Jedem Minispiel unterliegt eine aussagekräftige Anleitung, so dass jederzeit deutlich wird, wie die ohnehin simplen Spiele funktionieren. Das traditionell beliebte Völkerball, in welchem Ihr ein Zweierduo in einem wahren Ballregen aus dem Spiel werft, gehört - den Entwicklern nach - zum wohl beliebtesten Spielinhalt des Titels. Kein Wunder, denn spielerische Einlagen wie ein an Volleyball erinnerndes Fußballspiel über ein Netz oder Tetherball, bei welchem man mit Schwung einen an einer Leine befestigten Ball um eine Stange zu wickeln versucht, sind nicht unbedingt qualitativ hochwertige Minispiele erster Güte. Wandball (vergleichbar mit Badminton) ist relativ eintönig, dafür das Dart-Spiel ein an einen 3D-Shooter erinnerndes Scharmützel, bei welchem Ihr möglichst viele Punkte holen müsst oder wahlweise auch andere Herausforderungen bestreitet. Selbstverständlich können alle sieben Minispiele vom Hauptmenü aus für ein "Schnelles Spiel" gestartet werden.

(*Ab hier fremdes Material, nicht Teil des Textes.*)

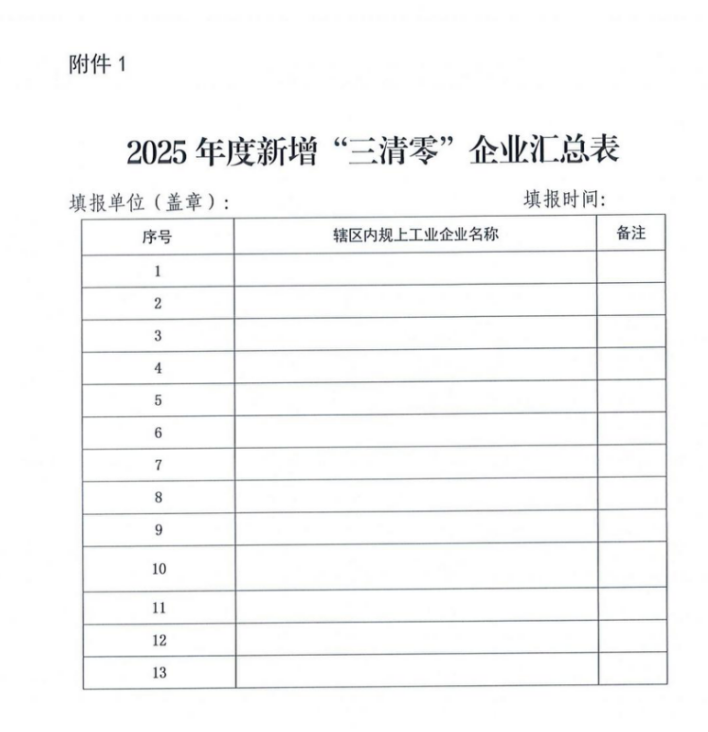 1.建立工作臺賬,填寫上報(bào)2025年度新增“三清零”企業(yè)匯總表(見附件1)。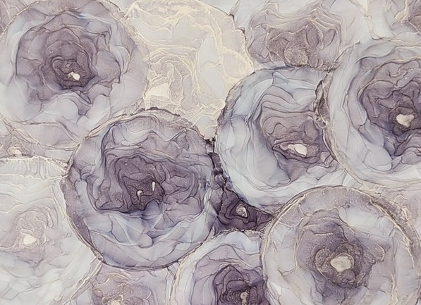 Gorgeous Multi Flowers in shades of grey with Silver Accents that make them shimmer and shine! This is the original painting.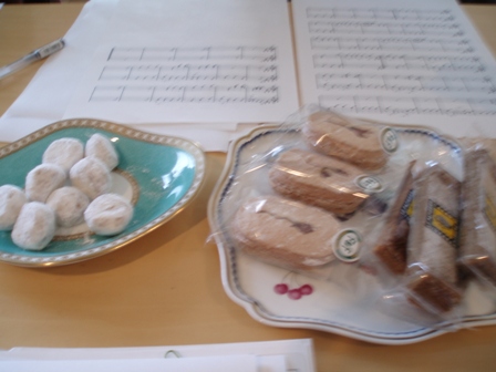 お天気もよく桜も咲き始めていたこの日、Ikukoさんが「桜のお団子」と「桜のダックワース」をお土産に持参下さって、またまたお茶しながらの楽しいリハーサル♪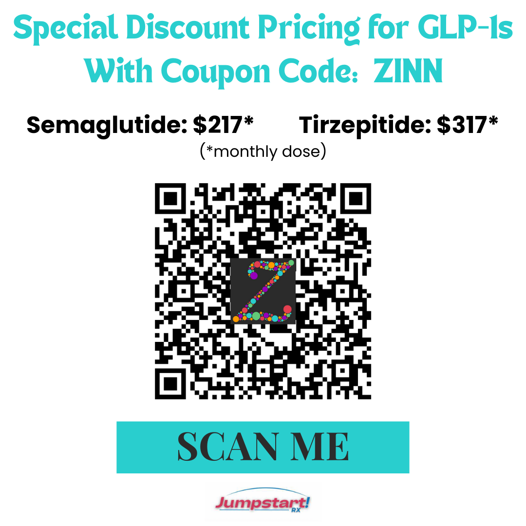 We are excited to join you to begin your weight loss journey. Zinn Insurance has partnered with JumpstartRSX to offer discounted semaglutide and tirzepitide prescription medication used to manage type 2 diabetes and for weight loss in adults. The process is simple: scan the QR code. Purchase your preferred medication, complete the health intake form to determine eligibility, and, once your prescription is approved, we will ship it directly to you.

Freispielen könnt Ihr hingegen keinen der Inhalte.

Grafik & Sound....

In Sachen Grafik ist "EA Playground" vom Grundtenor recht gut gelungen, denn die Figuren entsprechen einer höchst eigenen Optik und gefallen durch das leicht gedrängte Auftreten. Auch die Örtlichkeiten sind abwechslungsreich in Szene gesetzt und erinnern an den belebten Spielplatz aus der eigenen Jugendzeit. Leider ist die Umgebung sehr überschaubar und nicht viel größer als ein einziger Level einer "Super Mario Galaxy"-Welt. Auch die Minispiele gefallen grafisch, allerdings sollte man sich nicht zu viel vom Gebotenen versprechen.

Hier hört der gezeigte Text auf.